VARIABLES | TAB SETTINGS | CANVAS |
The Explorations Editor
Variables
The left panel is where you select segments, dimensions, and metrics, as well as the timeframe for your exploration. You can also name the exploration for sharing here.
Tab settings
The middle panel is used to configure the currently selected reporting tab displaying the exploration. An exploration can have up to 10 visualizations in separate tabs. Within the top of the panel, select the exploration technique, and visualization options. The bottom half of the panel configures the breakdown, or the elements that customize the exploration. For a Funnel exploration, these include steps and rows of dimensions. For a Cohort exploration, these include cohort inclusion and return criteria, cohort granularity, and the type of calculation used.
The Canvas
The large display area on the right displays your data and configuration using the technique selected, in up to 10 visualization tabs.

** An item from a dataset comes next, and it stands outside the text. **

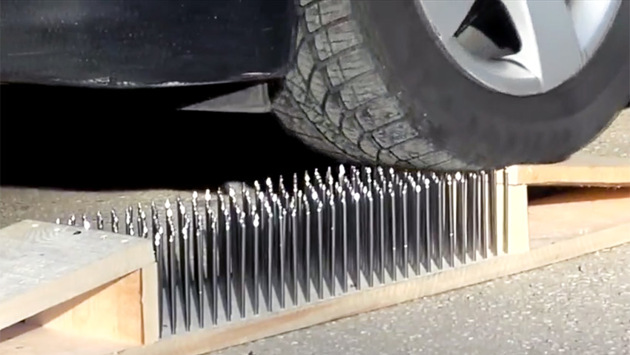 Помидоры, тюбики и апельсины пали под колесами немецкого автомобиля, и каждый из предметов по-своему отреагировал на силу шин. Напоследок шины испытали с помощью 300 гвоздей.

Either or both of the left columns (Variables, Tab Settings) can be minimized to provide more room for the visualization in the Canvas area.
Exploration Use Cases
As you become more familiar with the components of the explorations editor, you will be able to apply different templates to specific business practices, gaining views of user behavior and cohorts otherwise impractical. The exploration editor allows analytic-minded users to dive into areas of responsibility and critical business importance.
Path Exploration: identify issues and optimization opportunities
Path exploration allows you to analyze components of customer journeys by revealing activities preceding conversion, obstacles preventing conversion, and solutions that accelerate the buyer journey.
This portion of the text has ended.